Task material: Begin
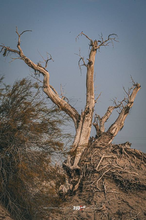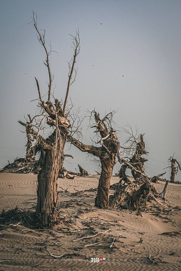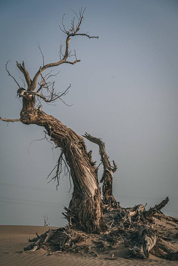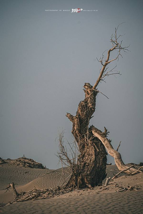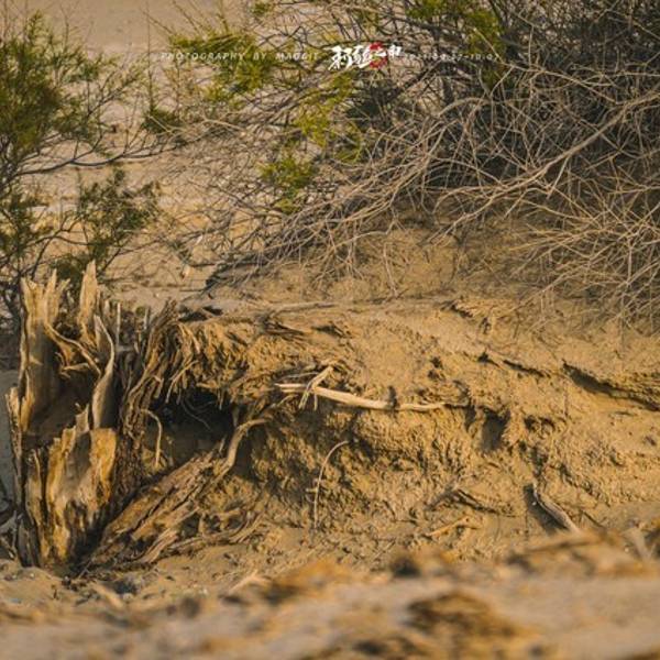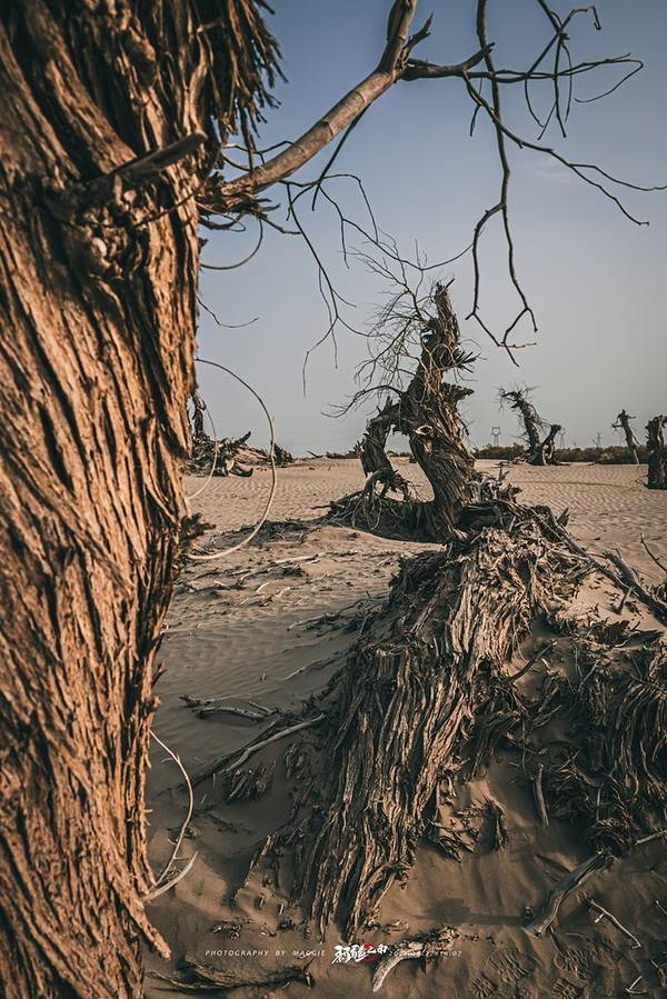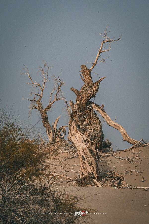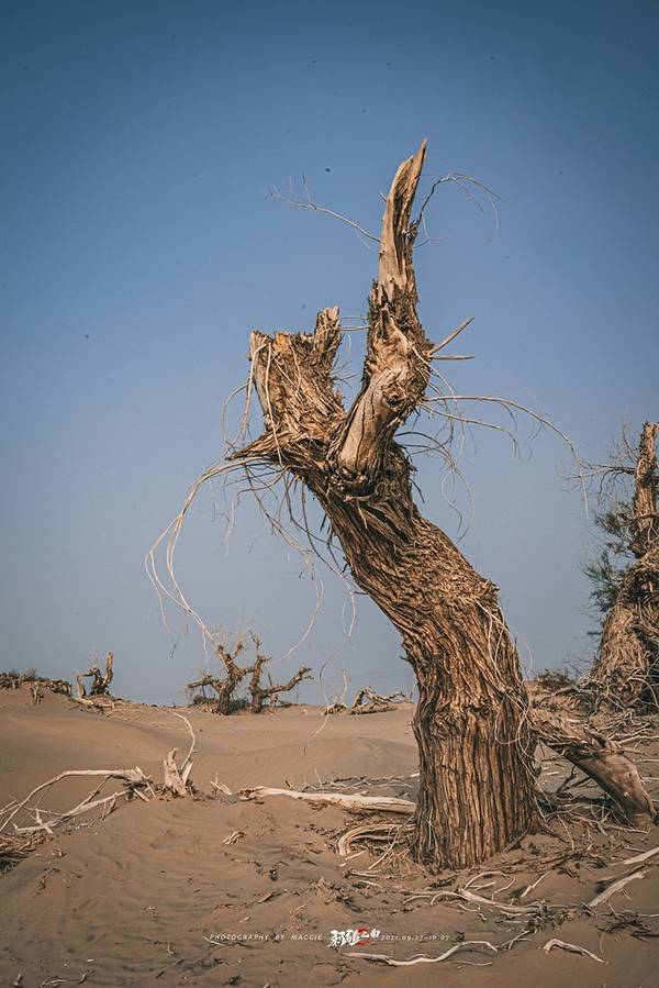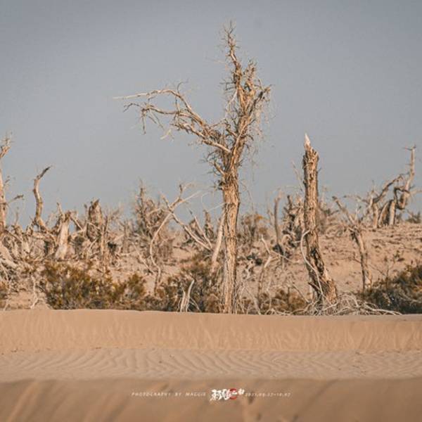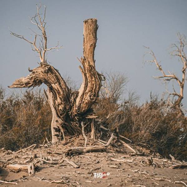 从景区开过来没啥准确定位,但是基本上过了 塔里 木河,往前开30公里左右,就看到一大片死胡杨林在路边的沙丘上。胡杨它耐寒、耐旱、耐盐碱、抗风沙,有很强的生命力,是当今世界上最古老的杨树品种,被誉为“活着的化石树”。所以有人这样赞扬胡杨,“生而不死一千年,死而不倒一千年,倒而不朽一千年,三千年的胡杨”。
Task material: End
Task material: Begin
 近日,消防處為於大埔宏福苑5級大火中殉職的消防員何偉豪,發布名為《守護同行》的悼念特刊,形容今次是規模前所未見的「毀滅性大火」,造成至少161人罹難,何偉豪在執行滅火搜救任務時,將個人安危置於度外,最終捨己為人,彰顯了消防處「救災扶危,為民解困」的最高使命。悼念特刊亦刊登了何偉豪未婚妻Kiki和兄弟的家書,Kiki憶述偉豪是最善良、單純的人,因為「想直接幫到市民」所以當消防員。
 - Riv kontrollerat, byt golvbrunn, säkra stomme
Task material: End
Aim of the exercise —
Your answer should consist of the lines from the line with "近日,消防處為於大埔宏福苑5" to the line with "- Riv kontrollerat, byt" above, repeated exactly, both ends included.

Problem solution —
 近日,消防處為於大埔宏福苑5級大火中殉職的消防員何偉豪,發布名為《守護同行》的悼念特刊,形容今次是規模前所未見的「毀滅性大火」,造成至少161人罹難,何偉豪在執行滅火搜救任務時,將個人安危置於度外,最終捨己為人,彰顯了消防處「救災扶危,為民解困」的最高使命。悼念特刊亦刊登了何偉豪未婚妻Kiki和兄弟的家書,Kiki憶述偉豪是最善良、單純的人,因為「想直接幫到市民」所以當消防員。
 - Riv kontrollerat, byt golvbrunn, säkra stomme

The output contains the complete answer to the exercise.